The showcase and highlight of the Vatican Musei tour has always been the Sistine Chapel. As one goes through the labyrinth of the Vatican’s priceless and treasures, one encounters a glimpse of the past and present converging; and this experience reaches its apex when one emerges into the Sistine chapel greeted by frescoes immortalized by Michelangelo. And at the center of the ceiling, there stands out the fascinating depiction of creation – when God touches the fingertip of Adam, and breathes life into the primordial human.

Interestingly, the ceiling also becomes the tapestry and background whenever a papal conclave is convened: when princes of the Catholic Church choose the next successor of St. Peter. And when finally, the cardinals make this life changing choice, the pope-elect is led to the room of tears. A small room next to the Sistine Chapel, it has been deemed such because of the very emotional battle ground the new pope must be confronting in the room.

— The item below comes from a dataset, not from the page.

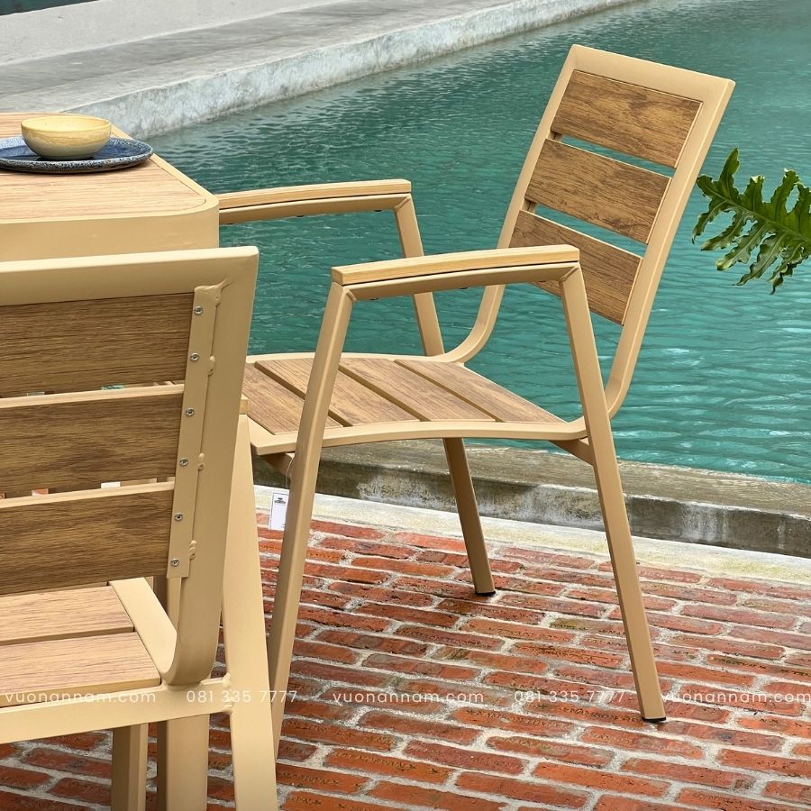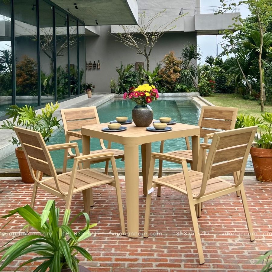 Bộ bàn ghế mang thiết kế từ những đường nét dứt khoát, kiểu dáng tối giản đến từng chi tiết. Đó là sự kết hợp hài hòa giữa tone màu Beige nhẹ nhàng cùng tone màu gỗ nổi bật không gian sân vườn. Dù mang thiết kế tối giản nhưng bộ bàn ghế vẫn nổi bật khi đặt tại mọi không gian.

We can only imagine what Pope Francis must have felt when he was first led to the room of tears. This must have been the first chance for him to kneel in prayer.  Whether it was tears of deep joy and consolation; or of overwhelming sadness and desolation; or maybe a mixture of both; Jorge Cardinal Bergoglio had to make a choice at a kairos point in time, when God’s fingertip once again reached out to our frail humanity.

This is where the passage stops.